First, CKE acquires the list of available machines and its statuses from sabakan then compares the list with the current cluster configuration.
Then it selects one of the following actions if the condition matches.
If the current cluster contains nodes that no longer exist in the list, they are removed. This should be executed at the beginning because non-existent nodes block CKE.
New nodes may be added to satisfy constraints.

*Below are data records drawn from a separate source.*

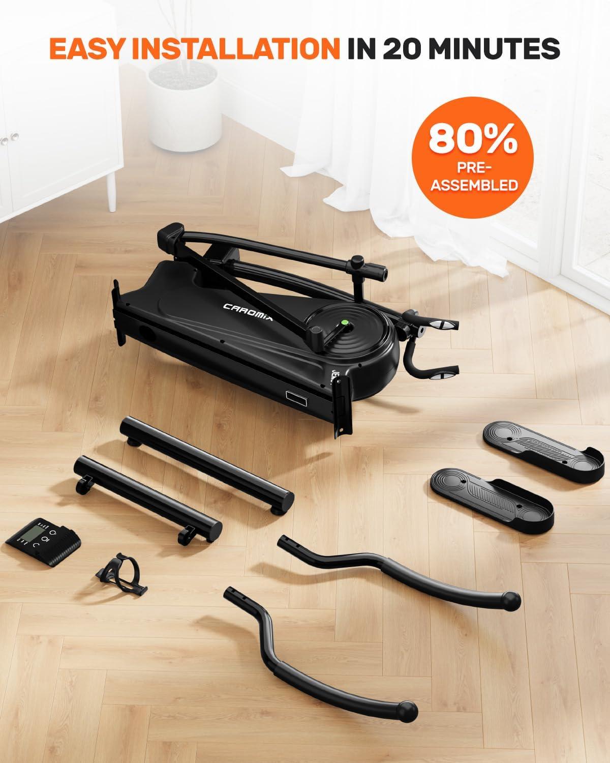 Quick Installation: With 80% pre-assembled parts, installation takes just about 20 minutes. Spend less time setting up and more time achieving your fitness goals with this user-friendly home gym equipment. With the instruction manual, you can get your elliptical machine ready fast!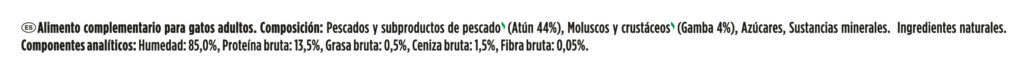 Alimento complementario para gatos Adultos. Rico en láminas de Atún con Gambas en Gelatina.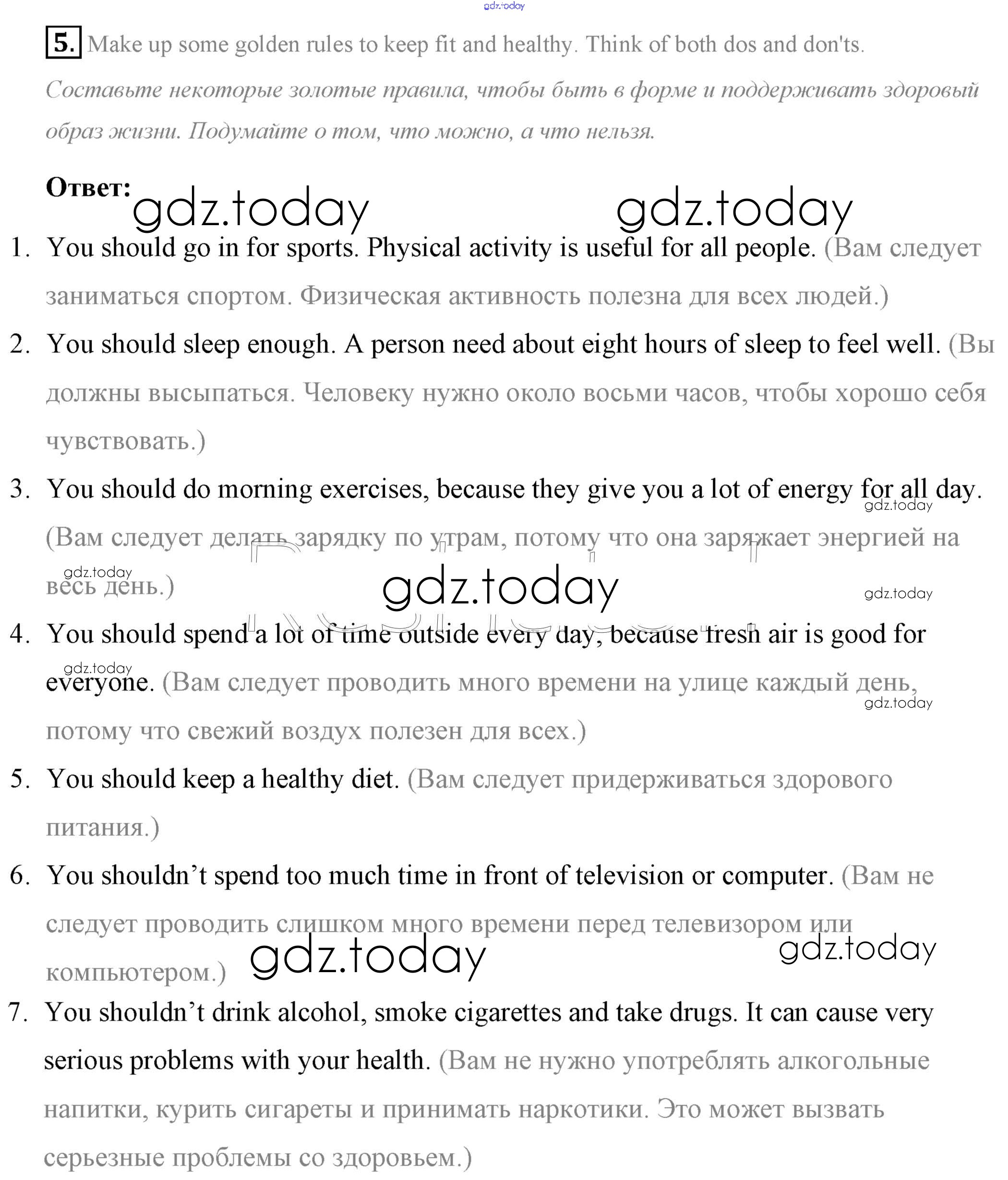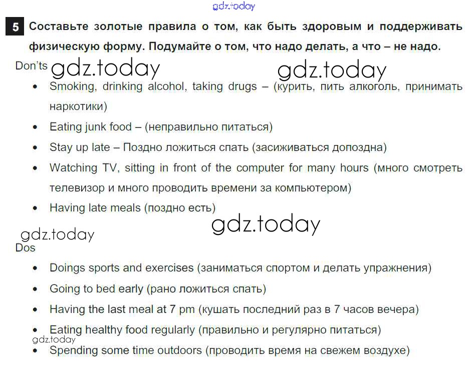 На страницах сайта gdz.today вы найдете учебный и вспомогательный материал, направленный на улучшения знаний школьной программы. ГДЗ - онлайн мир знаний Step 10 Test Yourself: Решение к UNIT 6. LIVING HEALTHY. 5 Учебнику по Английскому языку для 7 класса Афанасьева, Михеева Дрофа Rainbow 2019

If too many control plane nodes would be removed, this algorithm cannot work because replacing more than half of etcd servers would break the cluster. In this case, administrators need to fix the cluster configuration manually.
When control-plane-count
constraint is increased, control plane nodes are
added. If there are too few unused healthy-and-untainted machines and
the number of worker nodes is greater than minimum-workers
constraint,
existing healthy-and-untainted worker nodes are changed to control plane
nodes.
When control-plane-count
constraint is decreased, control plane nodes are
changed to non-control-plane nodes.
If the total number of worker nodes exceeds maximum-workers
, existing
worker nodes are removed to satisfy the constraint.

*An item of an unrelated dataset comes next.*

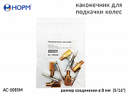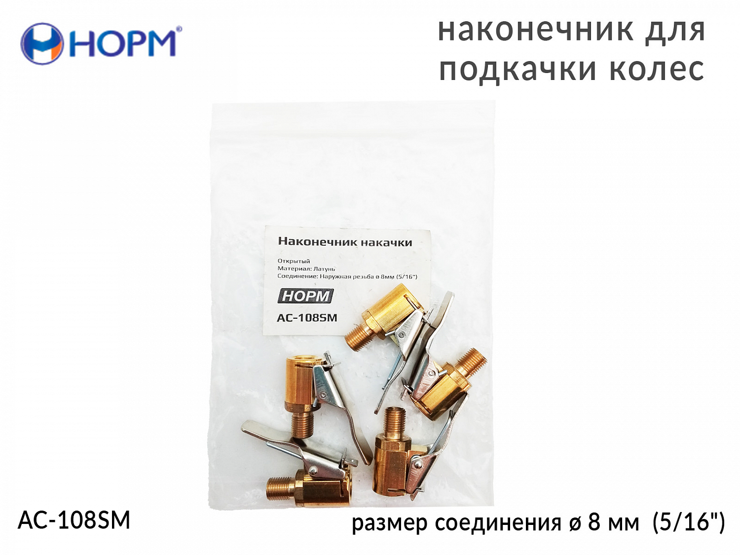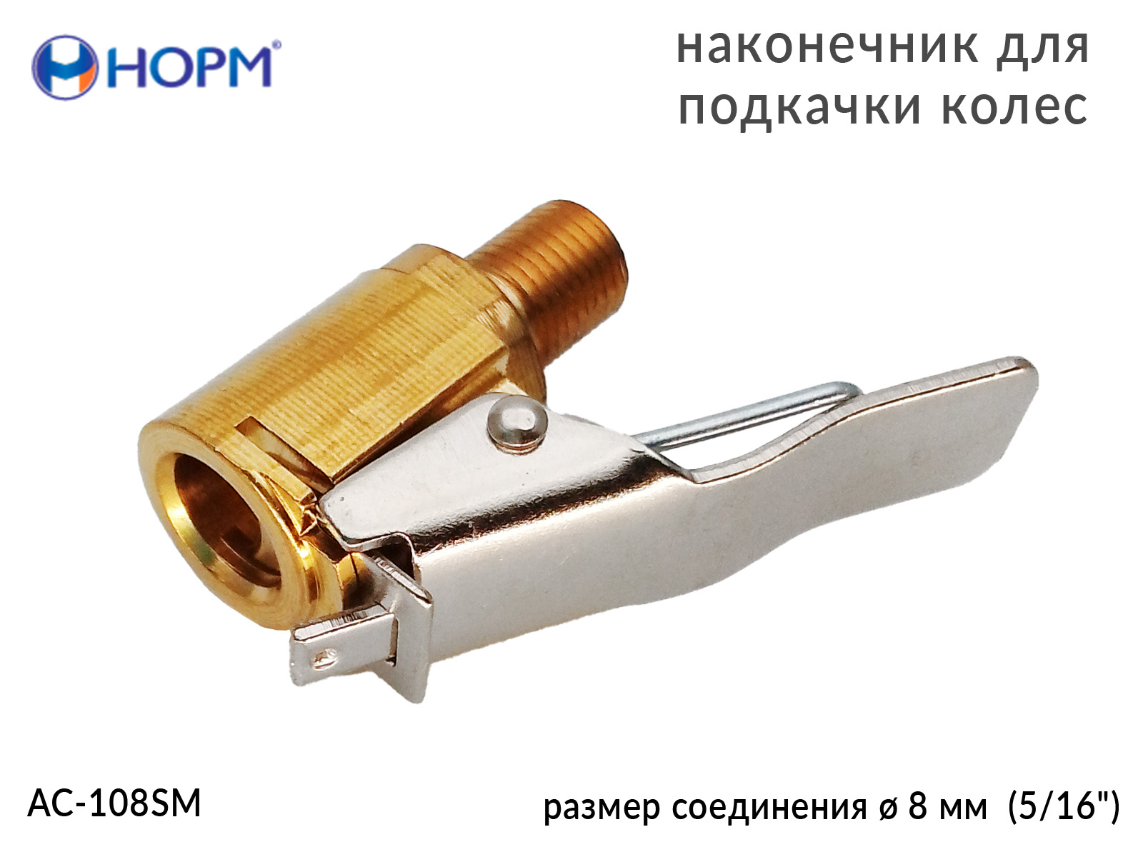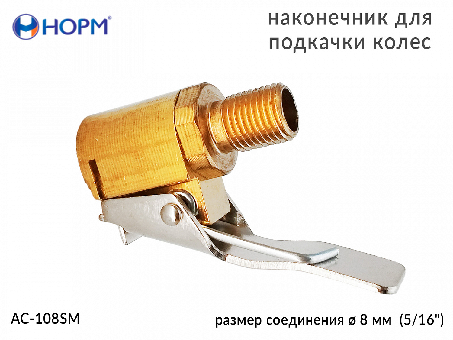 Наконечник для подкачки колес НОРМ (AC-108SM) устанавливается на конце воздушного шланга пистолета для подкачки колес, предназначен для жёсткой сцепки воздушного шланга и вентиля автомобильной покрышки. Переходник изготовлен из металла(латунь).

If a control plane node (1) is neither healthy, updating, nor uninitialized, or (2) has intolerable taints, the node is demoted to a worker, and a new machine is added as a control plane node.
When there is no unused healthy-and-untainted machine, a healthy-and-untainted worker node is selected to be promoted to a control plane node.
If the number of healthy worker nodes is less than minimum-workers
and
the total number of worker nodes is less than maximum-workers
, new worker
nodes are added.
If a worker node is kept retired for a while,
- it is removed from the cluster if the number of workers is greater than
minimum-workers
, or - it is replaced with a new machine if available, otherwise,
- it is left untouched.
CKE adds taints to nodes as follows.
The taint key is cke.cybozu.com/state
.
Machine state | Taint value | Taint effect |
---|---|---|
Unreachable | unreachable |
NoSchedule |
Retiring | retiring |
NoExecute |
Retired | retired |
NoExecute |
For other machine states, the taint is removed.
Sabakan Machine
labels
are translated to Kubernetes Node labels.
The label key will be prefixed by sabakan.cke.cybozu.com/
.
Other Machine fields are also translated to labels as follows.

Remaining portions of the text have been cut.